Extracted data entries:
○ ○ ○ ○ ○

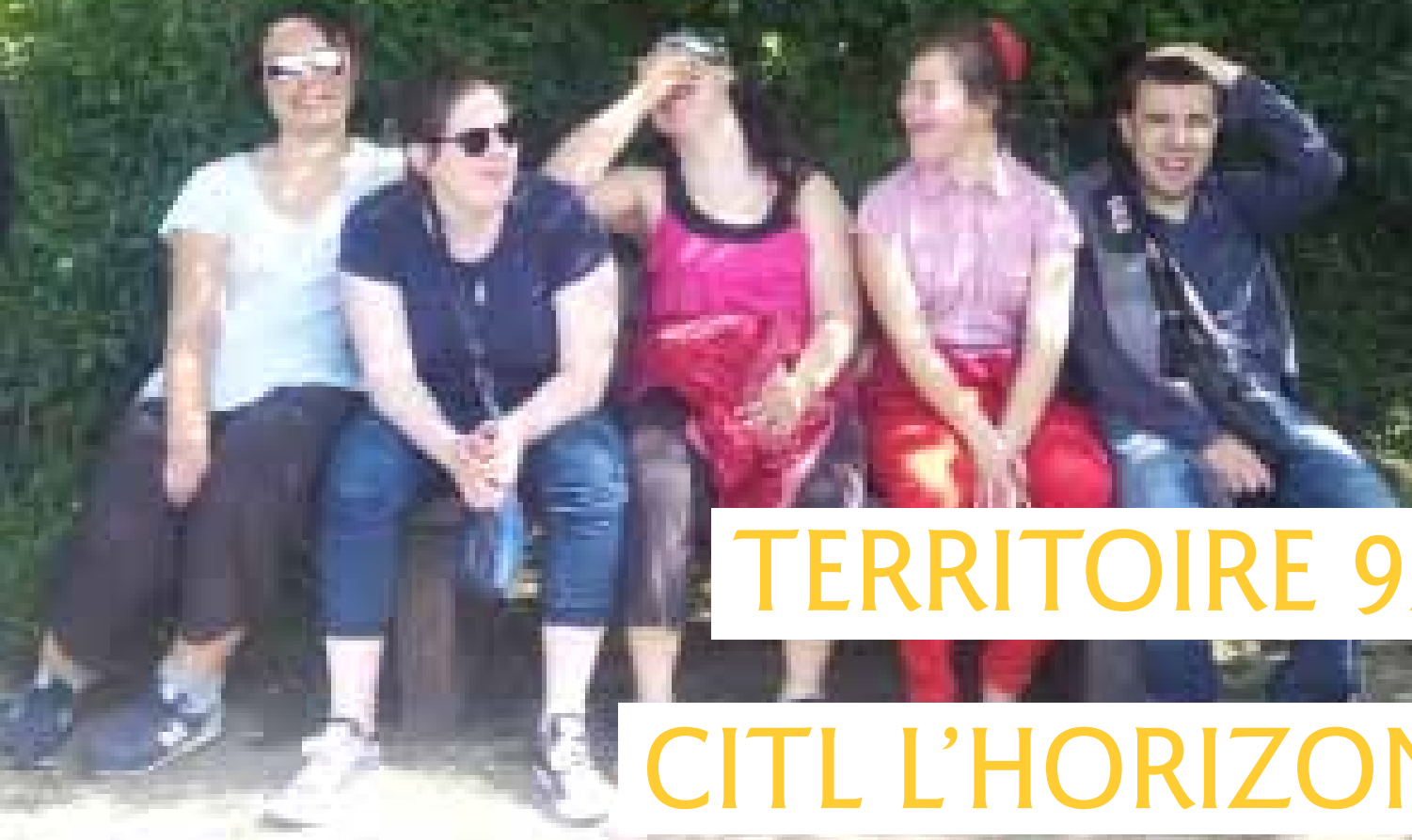
Photo : Sortie au marché au Mont Valérien
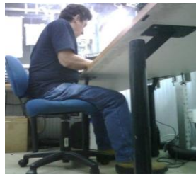
Figura 2.3.2.4 Postura del Técnico
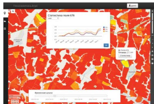
Рис. 2. Интерфейс веб-сервиса «Геоаналитика.Агро»

продуктам, предлагаемых заказчиком (СХД-ГЕО, Геоаналитика.Агро).
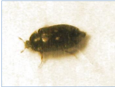
En lille, sort bille med to hvide pletter på ryggen kan skabe panik i en museumssamling. En pelsklanner er bare 4mm lang. Denne er fotograferet i Skibshallen.

Først på sommeren dukkede der nye skadedyr op i udstillingen i skibshallen i Gilleleje. Der var tale om et angreb af pelsklannere, der var startet i en udstoppet måge. Mågen var anbragt på rygningen af et udstillet skur og var ikke i øjenhøjde, så derfor har angrebet kunnet udvikle sig upåagtet over nogen tid, formentlig mindst et år. Larverne gnaver deres omgivelser i stykker, inden de forpupper sig. Når de er færdigudviklede biller, kan de flyve, og så er intet organisk beskyttet mod nye angreb. Alle de genstande, der var i farezonen, eller allerede angrebet, blev fjernet fra udstillingen. Ved rydningen blev der yderligere konstateret et ældre angreb af mug under en sæk med korn. Tekstilerne er blevet fryses desinficeret, desværre var det for sent for nogle af genstandene – de har taget alvorlig skade. Desuden er alle de udstoppede dyr fjernet, og nogle af dem har måttet kasseres.
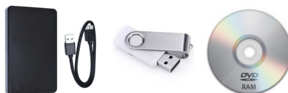
H. Armazenamento dos filmes HD externo / Pendrive / dvd

Todos os equipamentos listados podem ser substituídos por outros que façam a mesma função e estejam disponíveis dentro da realidade de cada cineclube.
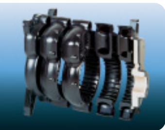
Schnitt durch die moderne Gusskonstruktion des F 110 NT.

Die neueste Generation der bewährten Öl/Gas-Spezial-Guss-Heizkessel von Rapido fürs Ein- oder Mehrfamilienhaus verkörpert der F 110 NT. In ihm vereint sich jahrzehntelange Erfahrung mit modernster Technologie und elegantem Design zu einem Hightech-System, das Maßstäbe setzt. Mit seinen sieben Leistungsstufen von 16 bis 70 kW können Sie den F 110 NT optimal auf Ihren speziellen Bedarf abstimmen. Dass der Kessel sehr leise arbeitet und bei normaler Wartung völlig störungsfrei läuft, versteht sich bei Rapido von selbst. Und mit dem umfangreichen Zubehörprogramm können Sie den F 110 NT zur universellen Heizzentrale für Ihr Haus ausbauen. So nutzen Sie wohlige Wärme und warmes Wasser, wann und wo Sie es wünschen.
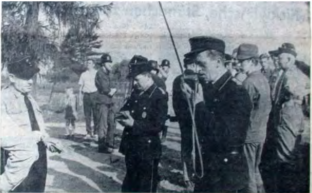
Ohne Funksprechgeräte ist ein Großeinsatz der Feuerwehren kaum noch denkbar.
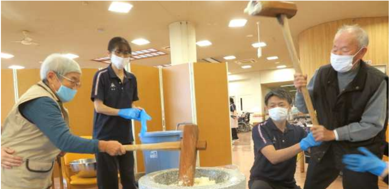
「ききょうデイサービスセンター餅つき」
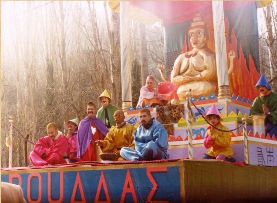
Ο Βούδας (1982)
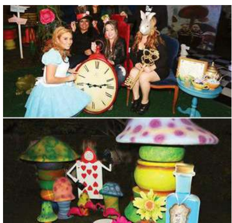
Thème: Alice au Pays des Merveilles
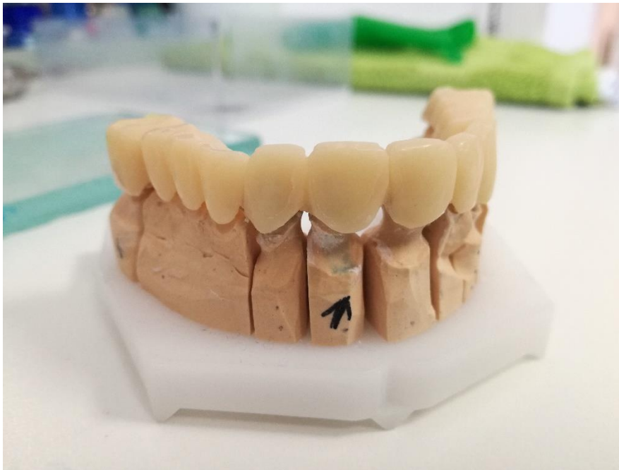
Slika 2. Nadomjestak napravljen metodom nadopunjavanja u otisku.
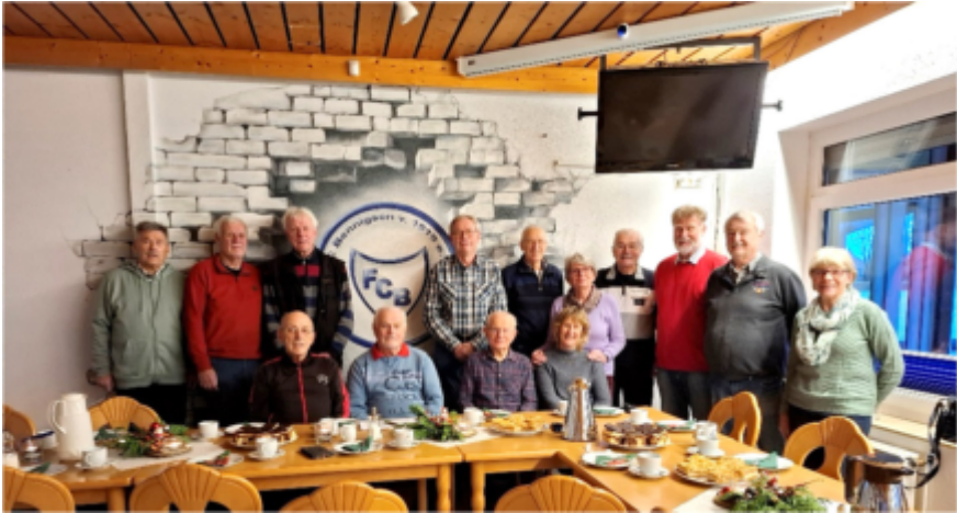
Weihnachtsfeier der Donnerstagsgruppe (Senioren) am 19.12.24
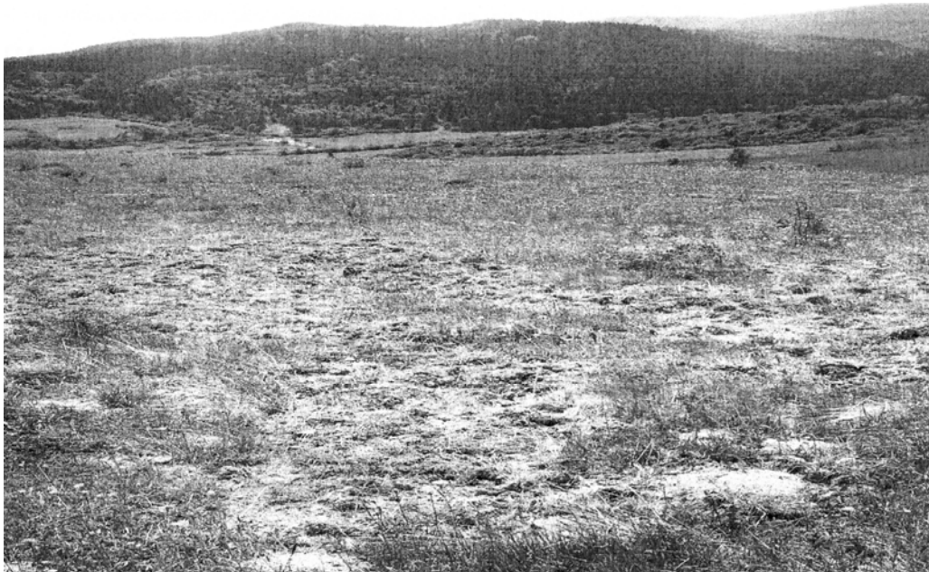
Рис. 1. Порої кабана дикого ( Sus scrofa L.) на пасовищах (серпень 2007) поблизу с. Головецько (Львівська обл.).
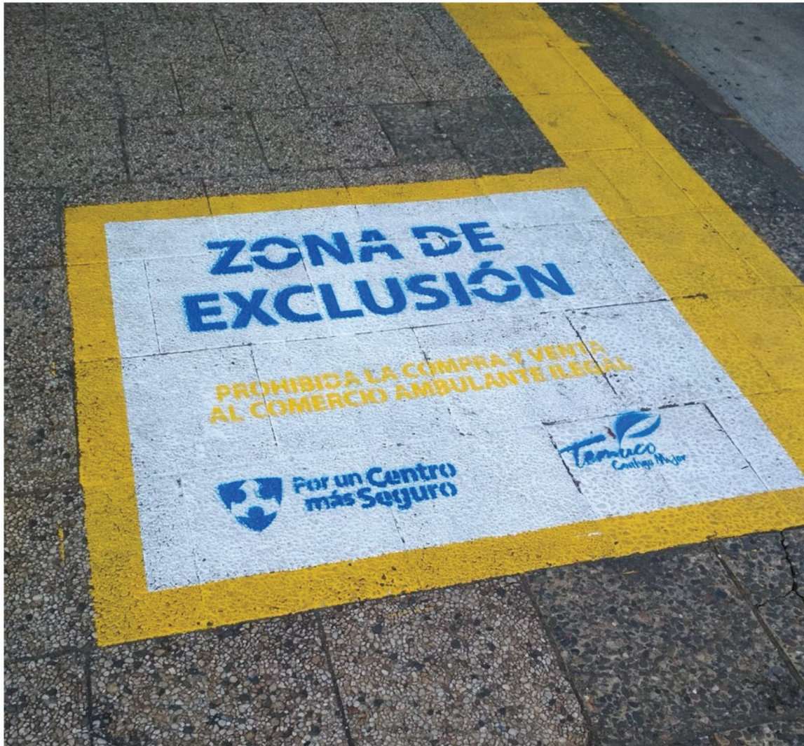
Figura 3. Demarcación del perímetro de exclusión

Las estrategias de control y disciplinamiento en la ciudad avanzaron a través del uso de dispositivos electrónicos de vigilancia (Arteaga, 2010) los que, a la ya asentada red de cámaras de vigilancia, dirigidas a la seguridad pública, se implementa el uso de bocinas de altavoz y avanzados equipos de sonido para desplegar mensajes alusivos a las multas y la vigilancia de las actividades ambulantes que cada media hora instaban a “no comprar al comercio ambulante” por ser “ilegal”; así como también el advertir el hecho de arriesgar multas si se es sorprendido comprando a un trabajador callejero, apelando siempre a la responsabilidad individual y a la reflexividad de los usuarios (Figura 4). Estas estrategias son lo que Nikolas Rose (1999) denomina como “tecnologías del psi”, y que estarían orientadas a producir agentes, subjetividades y formas de saber que estén al
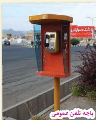
باجه تلفن عمومی
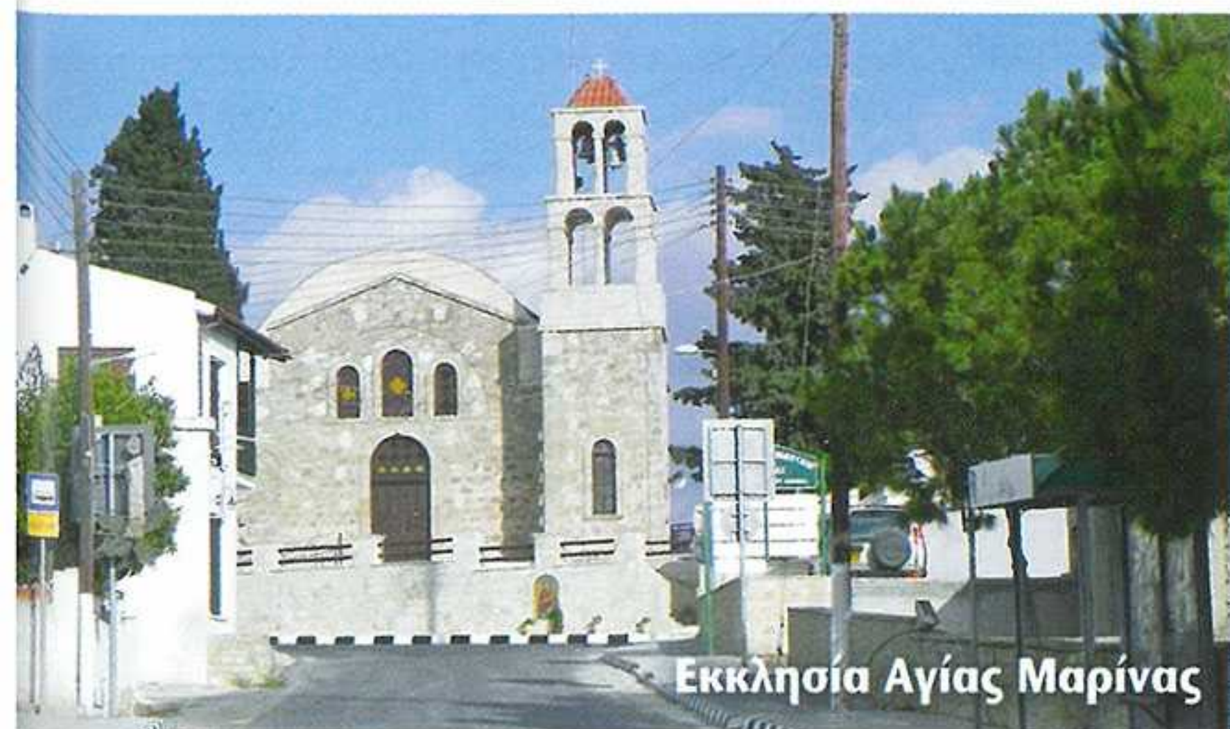
Εκκλησία Αγίας Μαρίας

Στην Αναρίτα το γαλάζιο της απέραντης θάλασσας «παντρεύεται» με την ομορφιά του φυσικού τοπίου. Η κοντινή απόσταση του από την πόλη της Πάφου, το φυσικό του περιβάλλον, η ηρεμία και η ομορφιά του αποτελούν παράγοντες επίσκεψης αλλά και μόνιμης κατοίκησης σε αυτό.
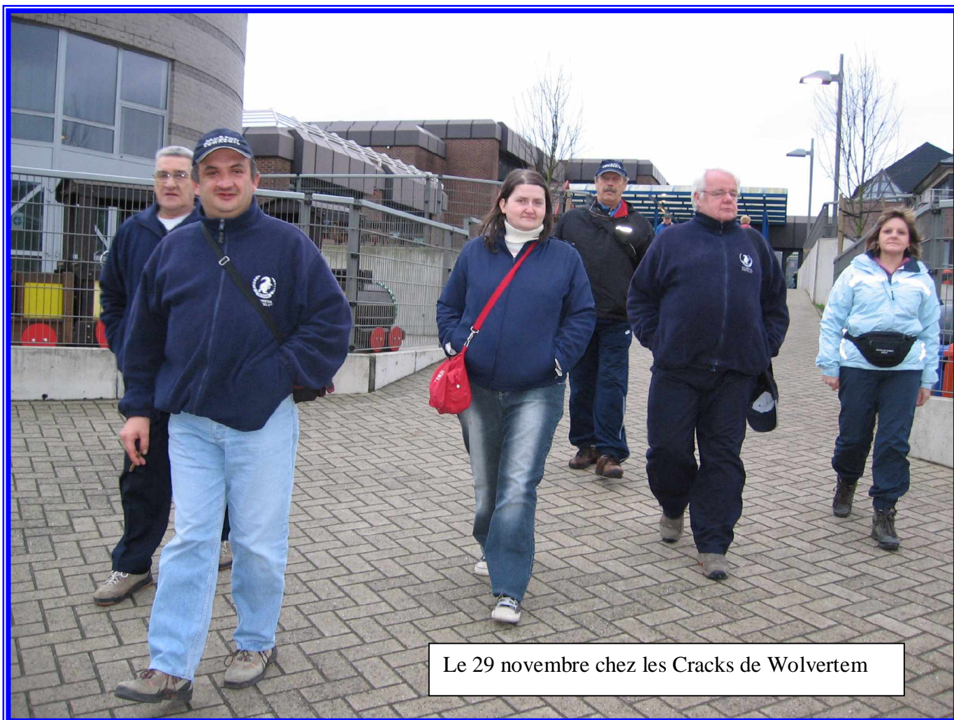
Le 29 novembre chez les Cracks de Wolvertem
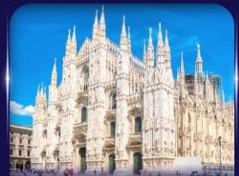
เซนต์มาร์กาเรต มิลาโน
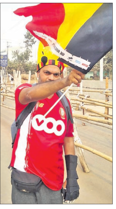
ବେଲଜିୟମ ଦଳର ନିଆରା ସମର୍ଥକ କ୍ରମ୍।
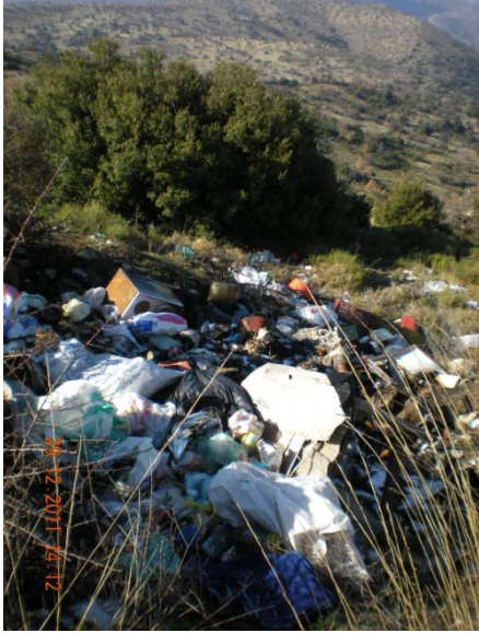
9. Ρίψεις απορριμμάτων

Λαθροθηρία: Τα επτά καταφύγια Άγριας Ζωής που υπάρχουν στην περιοχή του Φ.Δ. κάνουν ιδιαίτερα δύσκολο το έργο των φυλάκων αλλά μέχρι και σήμερα δεν έχει εμφανιστεί κάποιο ιδιαίτερο κρούσμα λαθροθηρίας. Η πολύ καλή συνεργασία με τη θηροφυλακή και τους κυνηγητικούς συλλόγους καθώς και οι συνεχείς περιπολίες βοήθησε αρκετά στη πρόληψη και καταστολή της λαθροθηρίας. Ένα μειονέκτημα του Φ.Δ., πέραν της ελλιπέστατης νομοθεσίας περί αρμοδιοτήτων, είναι το ωράριο εργασίας, το οποίο δεν είναι δυνατόν να εκτελείται κατά τις νυχτερινές και πρώτες πρωινές ώρες. Αυτό έχει ως αποτέλεσμα να μην έχουν εντοπιστεί κρούσματα λαθροθηρίας, ενώ είναι γνωστό ότι υπάρχουν, κυρίως τις νυχτερινές ώρες.
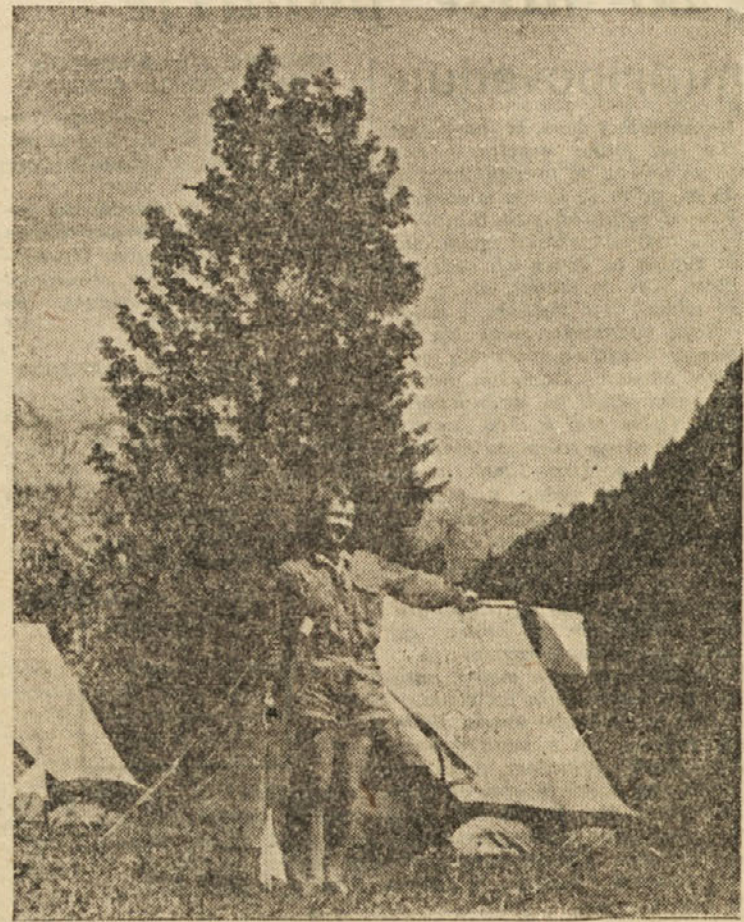
Taborniki pozivajo na zbor.

Ob tej priložnosti je še potrebno omeniti, da »Rudar« ne bi imel tistega uspeha, kot bi ga lahko in bi ga moral imeti, kar pa odvisi od resnosti samih igralcev, ki so v sestavi I moštva. Zato naj prizadeti igralci ne čakajo lepih in toplih dni z raznimi izgovori, tudi naj ne mislijo ob odigranju tekme zgolj na zabavo — pred očmi naj jim bo, da je prvenstvo in prva važna tekma pred vrati.
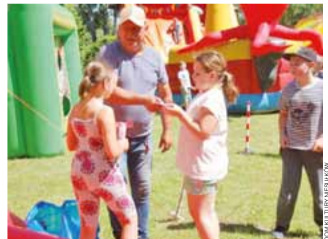
Dla uczestników pikniku przygotowano m.in. dmuchane zjeżdżalnie i inne atrakcje, jak w wesołym miasteczku.

○ ○ ○ ○ ○

▶ **Exercise details**: Could you repeat exactly the lines from the first one of the records above through the line containing "продуктам, предлагаемых заказчиком", leaving out any pictures?

▶ **Answer area**:
Photo : Sortie au marché au Mont Valérien
Figura 2.3.2.4 Postura del Técnico
Рис. 2. Интерфейс веб-сервиса «Геоаналитика.Агро»

продуктам, предлагаемых заказчиком (СХД-ГЕО, Геоаналитика.Агро).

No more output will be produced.